If a SYN/FIN-segment is on the write-queue, skb->len is 0, but the
segment actually has been transmitted. end_seq and seq of the tcp_skb_cb
in that case will indicate this difference.

We should not remove such segments from the write-queue as we might be
in SYN_SENT-state and a retransmission-timer is running.

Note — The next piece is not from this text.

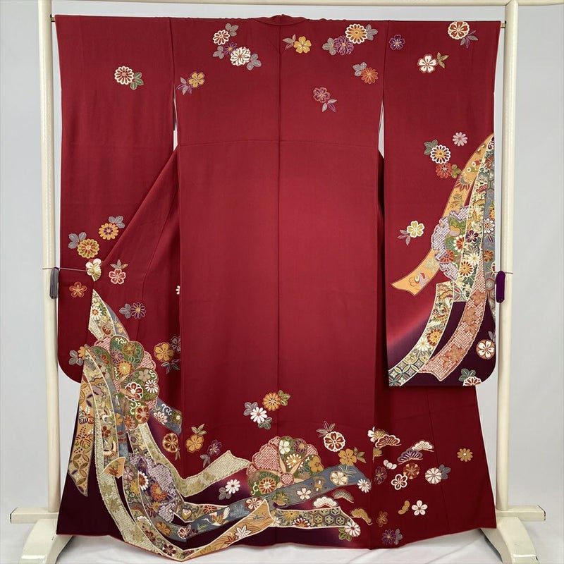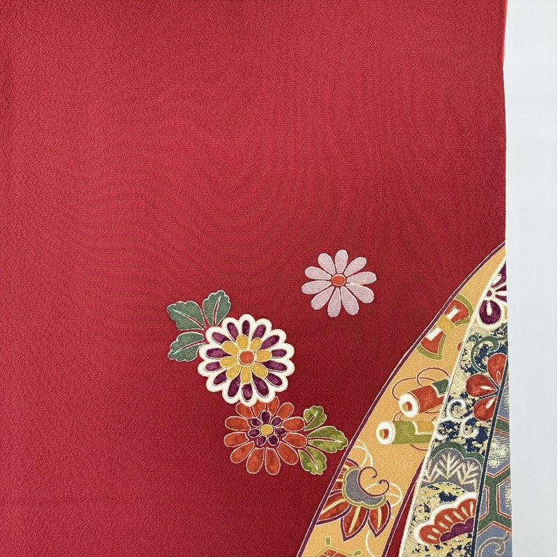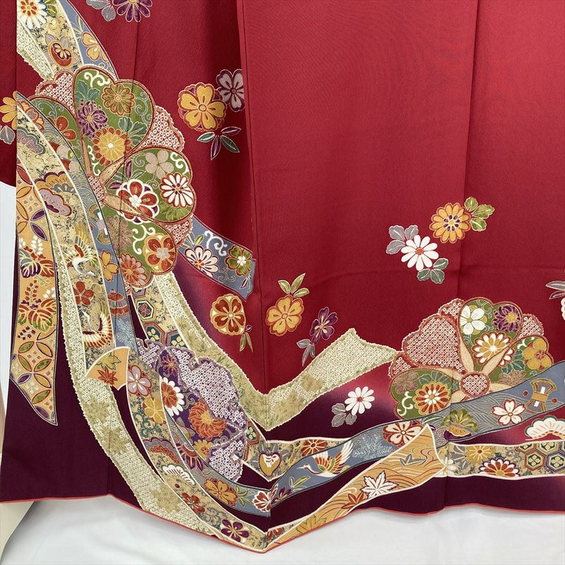 (中古) 振袖 赤 フォーマル 熨斗 花 袷 絹 【身丈】157.5cm【裄丈】66.5cm

When that one
fires, packets_out will be 1, but the write-queue would be empty,
resulting in:

[   61.280214] ------------[ cut here ]------------
[   61.281307] WARNING: CPU: 0 PID: 0 at net/ipv4/tcp_timer.c:429 tcp_retransmit_timer+0x18f9/0x2660
[   61.283498] Modules linked in:
[   61.284084] CPU: 0 PID: 0 Comm: swapper/0 Not tainted 4.14.142 #58
[   61.285214] Hardware name: QEMU Standard PC (i440FX + PIIX, 1996), BIOS 0.5.1 01/01/2011
[   61.286644] task: ffffffff8401e1c0 task.stack: ffffffff84000000
[   61.287758] RIP: 0010:tcp_retransmit_timer+0x18f9/0x2660
[   61.288715] RSP: 0018:ffff88806ce07cb8 EFLAGS: 00010206
[   61.289669] RAX: ffffffff8401e1c0 RBX: ffff88805c998b00 RCX: 0000000000000006
[   61.290968] RDX: 0000000000000100 RSI: 0000000000000000 RDI: ffff88805c9994d8
[   61.292314] RBP: ffff88805c99919a R08: ffff88807fff901c R09: ffff88807fff9008
[   61.293547] R10: ffff88807fff9017 R11: ffff88807fff9010 R12: ffff88805c998b30
[   61.294834] R13: ffffffff844b9380 R14: 0000000000000000 R15: ffff88805c99930c
[   61.296086] FS:  0000000000000000(0000) GS:ffff88806ce00000(0000) knlGS:0000000000000000
[   61.297523] CS:  0010 DS: 0000 ES: 0000 CR0: 0000000080050033
[   61.298646] CR2: 00007f721da50ff8 CR3: 0000000004014002 CR4: 00000000001606f0
[   61.299944] Call Trace:
[   61.300403]  <IRQ>
[   61.300806]  ? kvm_sched_clock_read+0x21/0x30
[   61.301689]  ? sched_clock+0x5/0x10
[   61.302433]  ? sched_clock_cpu+0x18/0x170
[   61.303173]  tcp_write_timer_handler+0x2c1/0x7a0
[   61.304038]  tcp_write_timer+0x13e/0x160
[   61.304794]  call_timer_fn+0x14a/0x5f0
[   61.305480]  ? tcp_write_timer_handler+0x7a0/0x7a0
[   61.306364]  ? __next_timer_interrupt+0x140/0x140
[   61.307229]  ? _raw_spin_unlock_irq+0x24/0x40
[   61.308033]  ? tcp_write_timer_handler+0x7a0/0x7a0
[   61.308887]  ? tcp_write_timer_handler+0x7a0/0x7a0
[   61.309760]  run_timer_softirq+0xc41/0x1080
[   61.310539]  ? trigger_dyntick_cpu.isra.33+0x180/0x180
[   61.311506]  ? ktime_get+0x13f/0x1c0
[   61.312232]  ? clockevents_program_event+0x10d/0x2f0
[   61.313158]  __do_softirq+0x20b/0x96b
[   61.313889]  irq_exit+0x1a7/0x1e0
[   61.314513]  smp_apic_timer_interrupt+0xfc/0x4d0
[   61.315386]  apic_timer_interrupt+0x8f/0xa0
[   61.316129]  </IRQ>

Followed by a panic.

So, before removing an skb with skb->len == 0, let's make sure that the
skb is really empty by checking the end_seq and seq.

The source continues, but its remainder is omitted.